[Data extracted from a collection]

BEGIN

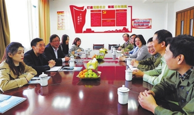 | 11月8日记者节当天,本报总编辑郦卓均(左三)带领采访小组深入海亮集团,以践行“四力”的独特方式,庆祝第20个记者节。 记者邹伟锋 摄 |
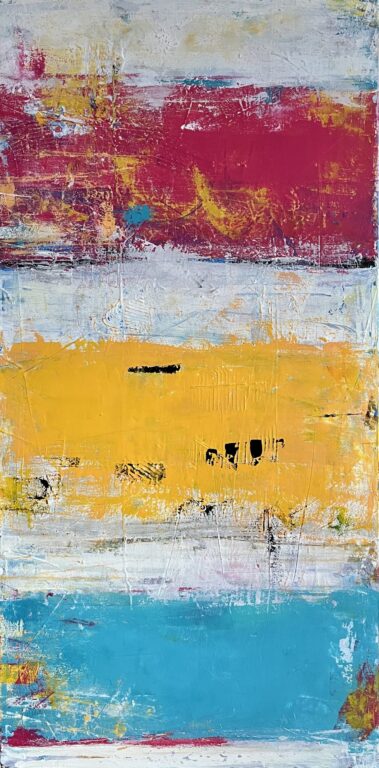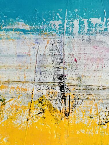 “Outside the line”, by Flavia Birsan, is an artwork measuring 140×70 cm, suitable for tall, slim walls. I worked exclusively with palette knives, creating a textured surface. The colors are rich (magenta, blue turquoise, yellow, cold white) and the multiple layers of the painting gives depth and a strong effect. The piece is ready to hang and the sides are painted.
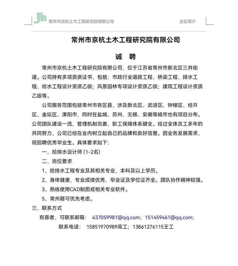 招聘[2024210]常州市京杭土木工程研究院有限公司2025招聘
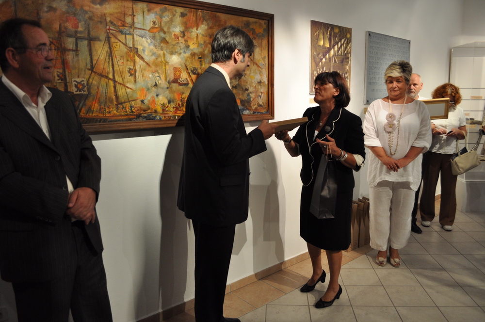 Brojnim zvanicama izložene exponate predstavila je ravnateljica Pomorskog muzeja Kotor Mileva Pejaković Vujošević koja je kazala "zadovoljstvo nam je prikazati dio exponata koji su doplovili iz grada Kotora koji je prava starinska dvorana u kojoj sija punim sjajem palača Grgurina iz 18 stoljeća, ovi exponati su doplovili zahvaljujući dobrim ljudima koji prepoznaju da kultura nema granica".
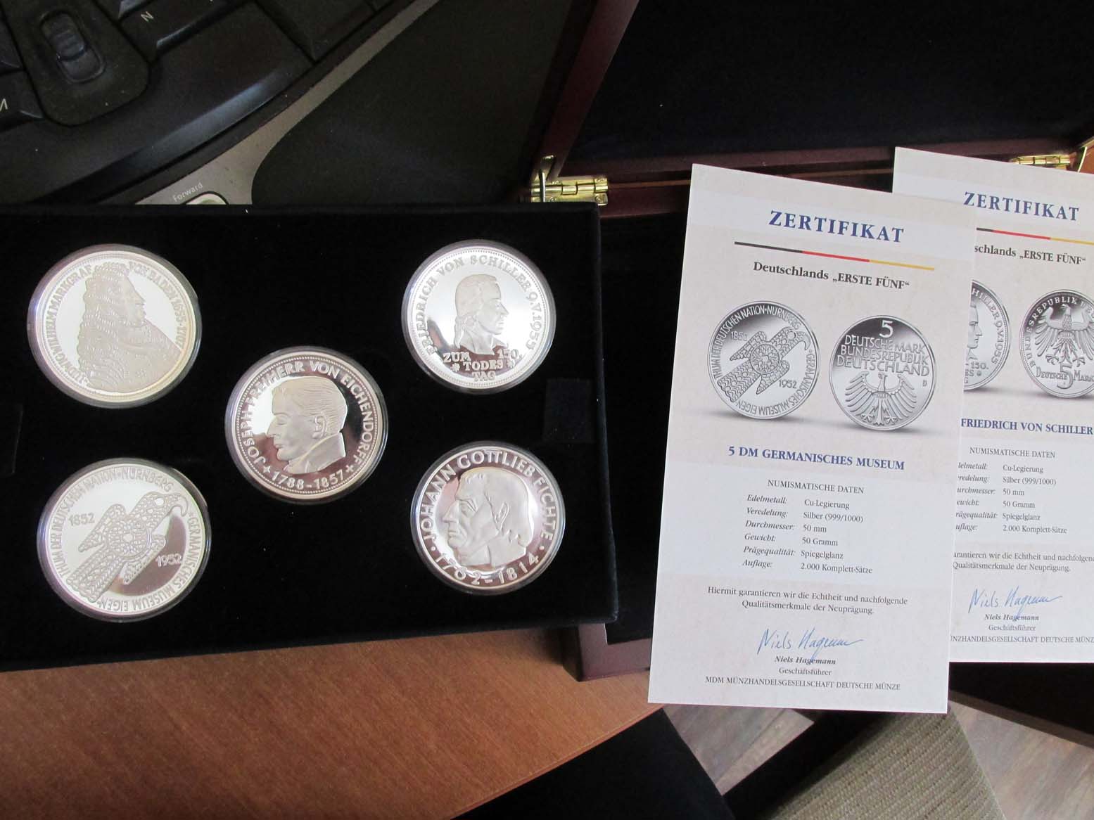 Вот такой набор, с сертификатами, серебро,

END

With the images removed, give back every entry exactly as shown.

**The answer:**
 | 11月8日记者节当天,本报总编辑郦卓均(左三)带领采访小组深入海亮集团,以践行“四力”的独特方式,庆祝第20个记者节。 记者邹伟锋 摄 |
 “Outside the line”, by Flavia Birsan, is an artwork measuring 140×70 cm, suitable for tall, slim walls. I worked exclusively with palette knives, creating a textured surface. The colors are rich (magenta, blue turquoise, yellow, cold white) and the multiple layers of the painting gives depth and a strong effect. The piece is ready to hang and the sides are painted.
 招聘[2024210]常州市京杭土木工程研究院有限公司2025招聘
 Brojnim zvanicama izložene exponate predstavila je ravnateljica Pomorskog muzeja Kotor Mileva Pejaković Vujošević koja je kazala "zadovoljstvo nam je prikazati dio exponata koji su doplovili iz grada Kotora koji je prava starinska dvorana u kojoj sija punim sjajem palača Grgurina iz 18 stoljeća, ovi exponati su doplovili zahvaljujući dobrim ljudima koji prepoznaju da kultura nema granica".
 Вот такой набор, с сертификатами, серебро,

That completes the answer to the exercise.